The 70th annual Tony Awards occurred last night, though there was a heavy overcast in light of the horrific events that took place in Orlando just hours earlier. Still, the show went on, and several of the night’s most prominent figures gave heartfelt tributes to the victims throughout the show.
The Late Late Show‘s James Corden was the master of ceremonies at the Beacon Theatre, and he started the show with a somber address to the shooting that left 49 dead, and over 50 more injured.
“All we can say is you are not on your own right now; your tragedy is our tragedy. Theater is a place where every race, creed, sexuality, and gender is equal, is embraced, and is loved,” Corden said. “Hate will never win. Together, we have to make sure of that.
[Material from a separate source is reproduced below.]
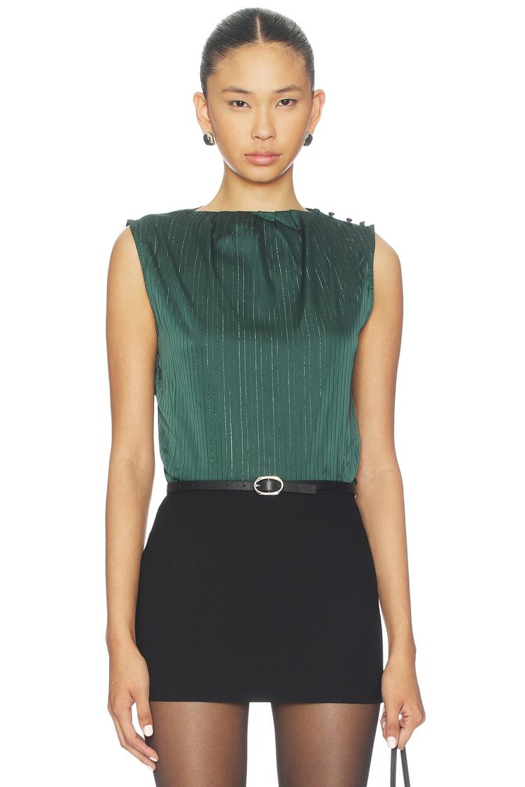Metallic dark green satin with subtle all-over stripes creates a sophisticated and elegant vibe in this fitted bodysuit. Featuring a sleeveless design with wide straps and a classic round neckline, it offers a smooth waist-length silhouette perfect for layering or standalone styling. Button loop-closures at the shoulders and a snap-button gusset ensure ease of wear. Ideal for casual days, business casual settings, or night outs, this midweight polyester-spandex blend combines comfort with a refined shimmer, making it a versatile addition to your wardrobe.

Tonight’s show stands as a symbol and a celebration of that principle.”
Later in the broadcast, Hamilton creator and star-actor Lin-Manuel Miranda appeared on stage to accept the award for Best Original Score. During his acceptance speech, Miranda presented an original sonnet about the massacre that seemed to nearly drive him to tears as he read it out loud.
“When senseless acts of tragedy reminds us that nothing here is promised. Not one day,” Miranda said. “Love is love is love is love is love, and love cannot be killed or swept aside. Fill the world with music, love and pride.”
— Hollywood Reporter (@THR) June 13, 2016
These tributes and more came as follow-ups to how the Hamilton cast decided to leave out their prop muskets during their musical performance that night. The Father actor Frank Langhella also gave a noteworthy tribute to the victims, saying “I’m standing in a room full of the most generous human beings on Earth and we will be with you ever step of the way.”